For each post/day/month (pick your granularity) create a corresponding RSS feed of weblog entries. These feeds are then referenced from an OPML file that defines the overall structure of the archived weblog.
This is exactly the kind of thing I had in mind when I was
talking about (what I call) the
model layer being a kind of emergent property of online
publishing. You wind up with all this data without any systematic
way of managing it. So you have to find one.
I'm sure RSS+OPML would be doable, but it seems like building on quicksand given the nature of those specs. The RSS part could certainly be productively flipped to Atom. I'm not sure whether there's anything spec'd up yet for the role of the OPML file - the Collections of the Atom Protocol should be pretty close.
Matt talks about extra metadata and the tools that understand it, saying namespacing is a way of including the stuff. The problem here is that there's no overall interpretation system beyond mustIgnore in the XML. Only tools that fully understand e.g. RSS+OPML+ENT would be able to do anything useful with all three. Â
Another alternative would be to use HTML. Done systematically there's potential for a neat export/archive system. Conventions are already available for the core of this kind of stuff with microformats - hAtom for entry/feed level data, XOXO for broader, site level structure etc.Â
I can think of three advantages right away of using microformats over RSS+OPML. The clearest being that it would be using proper specs, well-defined and none of that silent data loss nonsense. There's more flexibility because the representations can be freely mixed, it's all HTML. You can't mix RSS and OPML in the same document. The third is the big pragmatic gain that a level of partial understanding comes for free. The stuff is HTML, a browser can make a useful rendering of that out of the box.

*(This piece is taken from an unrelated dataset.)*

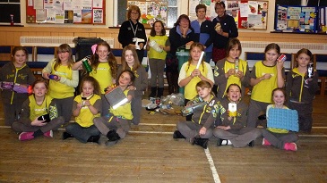 Gill Mulcahy from Amey met with the Brownies and showed examples of just what is thrown away, what can be recycled now, how the landfill sites are running out of space, how to use the different bins/containers issued by Amey as well as discussing how the environment can be helped by more recycling.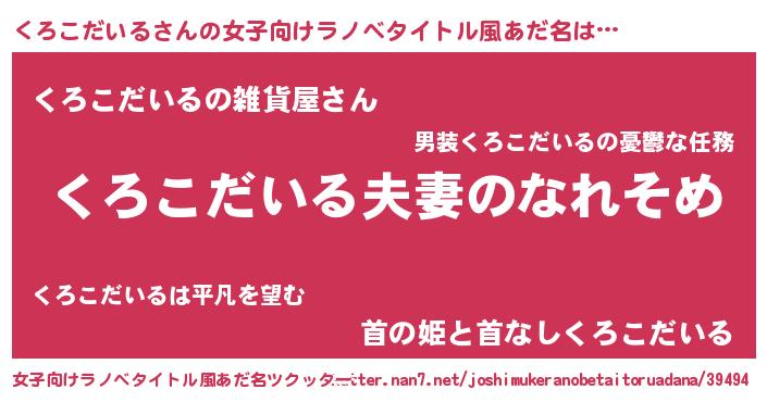 | 男性向けラノベタイトル風あだ名 | 『おまえをオタクにしてやるから、俺をくろこだいるにしてくれ! 』 |

Use of RSS+OPML, Atom and/or microformats all offer ways of representing the structured content, but all are relatively limited in regards to what you can do with the data, and extensibility into other forms of data.
The what it is of the title of this post is a reference to the fact that what Matt's describing is resource description, and though it's only being applied at the content model layer, it's starting to look like a reinvention of the Resource Description Framework. What's already available in that context is wide-open extensibility, significant partial understanding and loads of tools for working with the data - SPARQL querying across the archive being a nice low-hanger (Lee's got another post up re. the SPARQL Calendar Demo btw).
It would be unfortunate if a shared blog format was built without taking into consideration known problems of certain technologies, known advantages of others. But assuming all the available data does get captured unambiguously, it'll still be possible to treat the stuff as RDF whichever format(s) are used. So I'm not sure why I bothered writing this.